Vorgestellt // Schlachthofbronx : Bolzen, Zerhacken, Ausbeinen
Lernen von den Schlachtern! Drei Münchner Produzenten-Jungbullen haben den Metzgern in ihrem Heimat-Viertel genau bei der Arbeit zugeschaut und wissen, worauf es ankommt, im Leben wie in der Musik: Bolzen, Zerhacken, Ausbeinen.
Der Gründungsmythos der Schlachthofbronx ist eher schlicht: Langeweile zwischen Güterbahnhof, Siff-Spielplatz und Arbeitsamt. Spinnerte Ideen dank zu viel Dosenbier und Malawi-Gin. Banal und dreckig wie der Sound.
Hier entsteht Munich Bass, ein Hybrid aus Ghetto Rave, Kuduro, Baltimore Club, Dubstep und Miami Bass. Mittel, Ziel und Zweck der Mission sind simpel: der Minimal-Techno-Kultur in den Arsch treten! Als Charaktere hinter Munich Bass stehen Subbass-Commandante Graf von Stierendfroed, Bass-King T und DJ King Augenring. Keine ganz Unbekannten, da sie schon lang in Münchner Soundsystems und Bands aktiv sind, die nicht erst seit gestern der Bassmusik verpflichtet sind.

Bild: Frederik Kunth
Die Schlachthofbronx ist nachtaktiv und dementsprechend in den Münchner Clubs unterwegs.
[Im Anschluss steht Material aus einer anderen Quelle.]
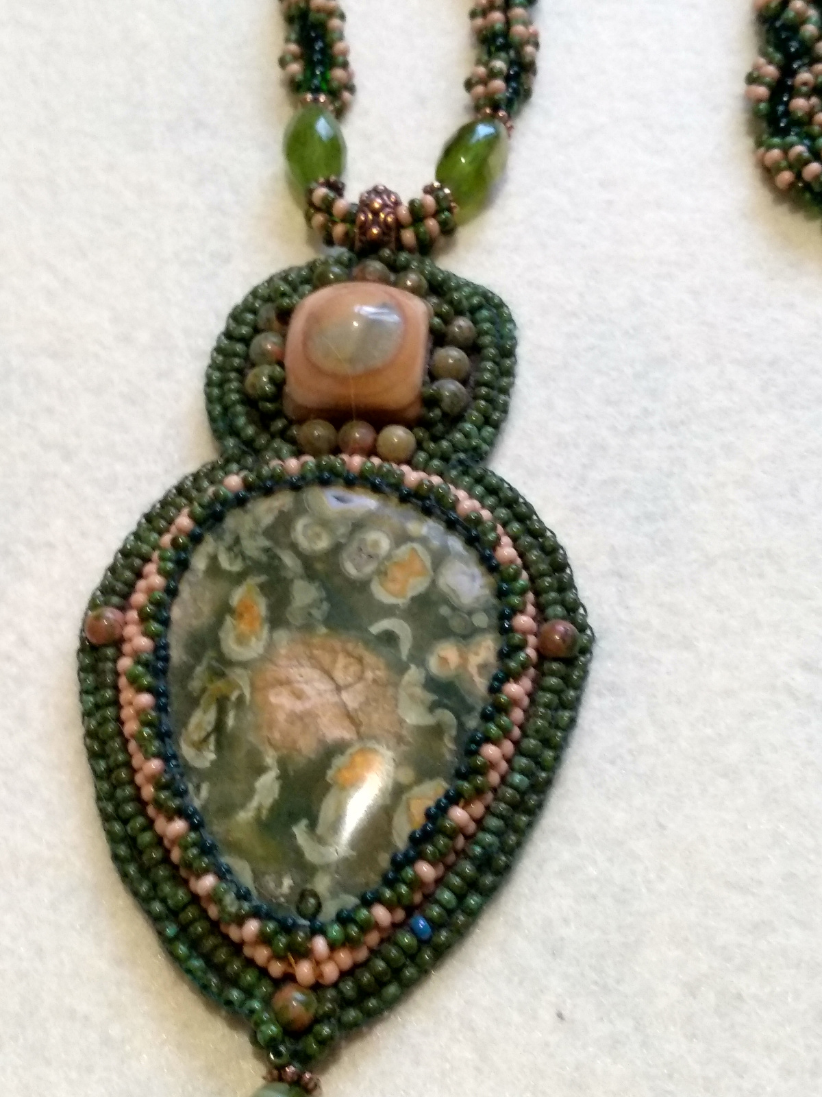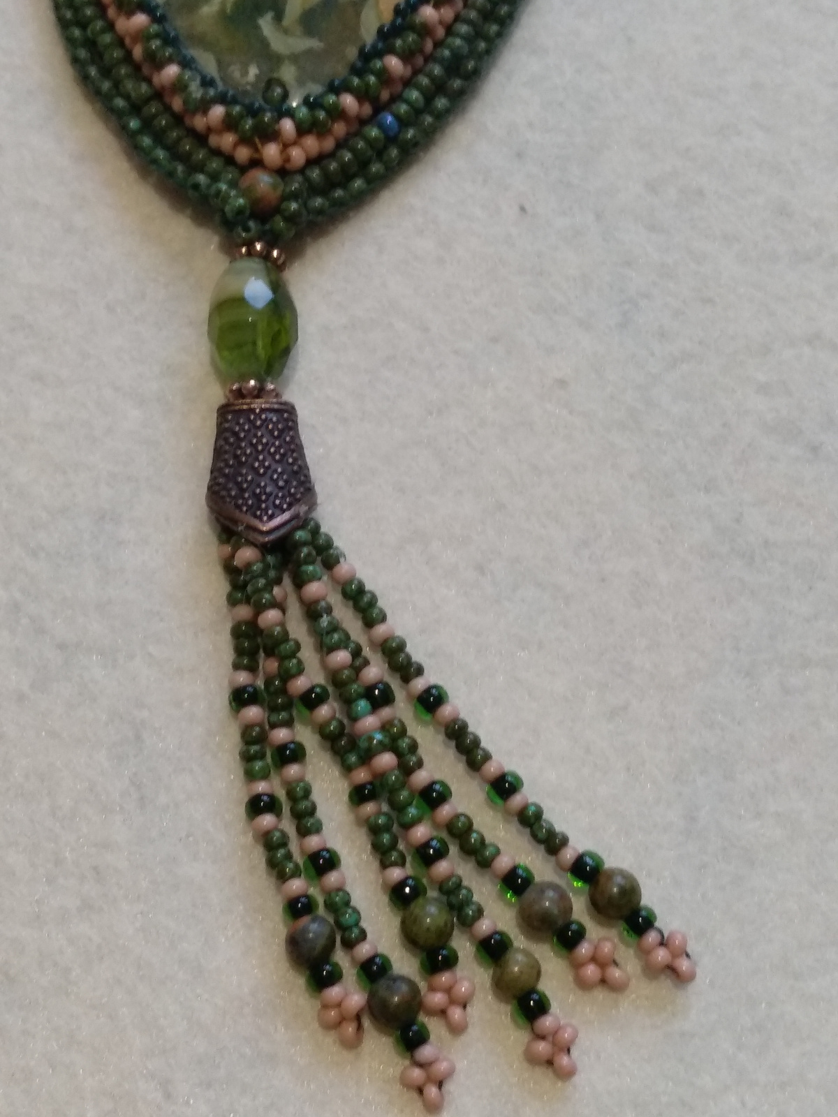 Ниночка, спасибо, как же я рада Вам. Да, подбирала тщательно, чтобы камень был главным, ничто его не портило, а подчеркивало. Вот просто без глазкого агата сверху кабошон не смотрелся, был погасшим что ли. Перерыла все коробки с камушками и бусинами. Ничего!!! Потом взгляд упал на браслет с бусинами глазкого агата, только одна бусина из браслета идеально подошла по цвету- там даже зелёного было немного. Порезала браслет!!! В общем кабошон доволен, я тоже. Если бы фоткать ещё умела хорошо, эх…
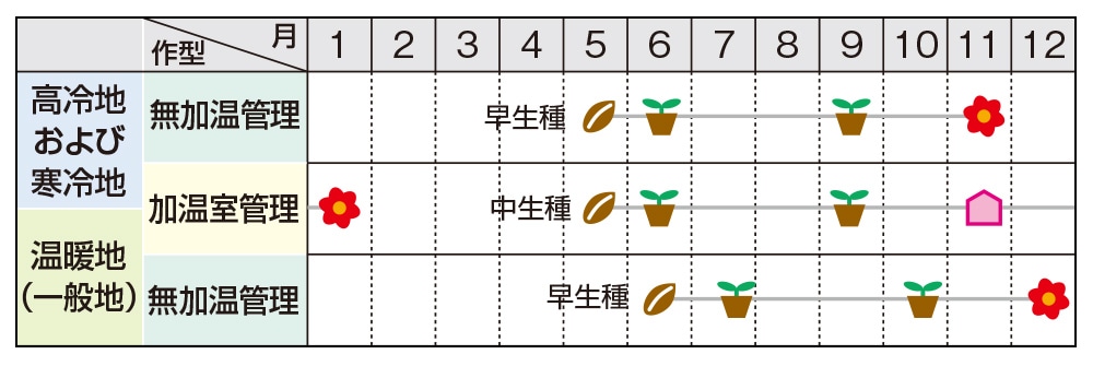 アコーリスタイプ。低温要求度が少ない極早生品種で、生育が早いです。
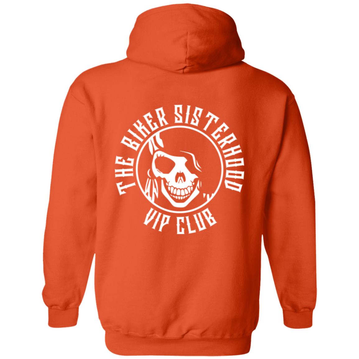 The Biker Sisterhood VIP Club pullover hoodie in SAFETY ORANGE features our Logo across the back and it represents something special, just like you!
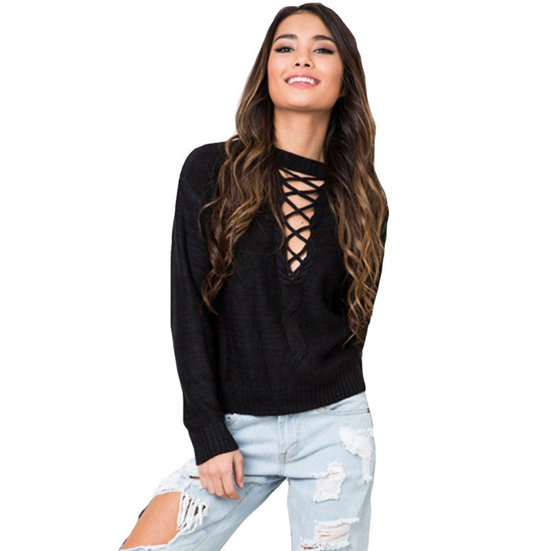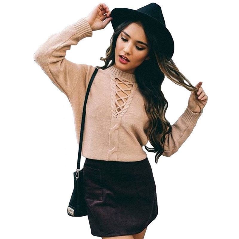Discover the ultimate in cozy chic with our Winter Sweater Pullovers V-neck Lace Up Sweater Kylie Jenner Kardashian Style. This stunning pullover is designed for the modern woman who values both style and comfort. The V-neck design and unique lace-up details elevate this classic winter staple, making it a must-have addition to your wardrobe.

Als DJ-Team, an der Trinkhallen-Theke und inzwischen auch mit einem ohrenbetäubenden und bootybewegenden Live-Set – dank Ravesirenen, Trillerpfeifen und natürlich jeder Menge BASS!
Aggro Berlin sitzt bei Kerner auf dem Talksessel, Aggro Grünwald schlürft Schampus in der Maximilianstraße. Wer will heute bitte noch aggro sein? Bretto sein macht eh mehr Spaß.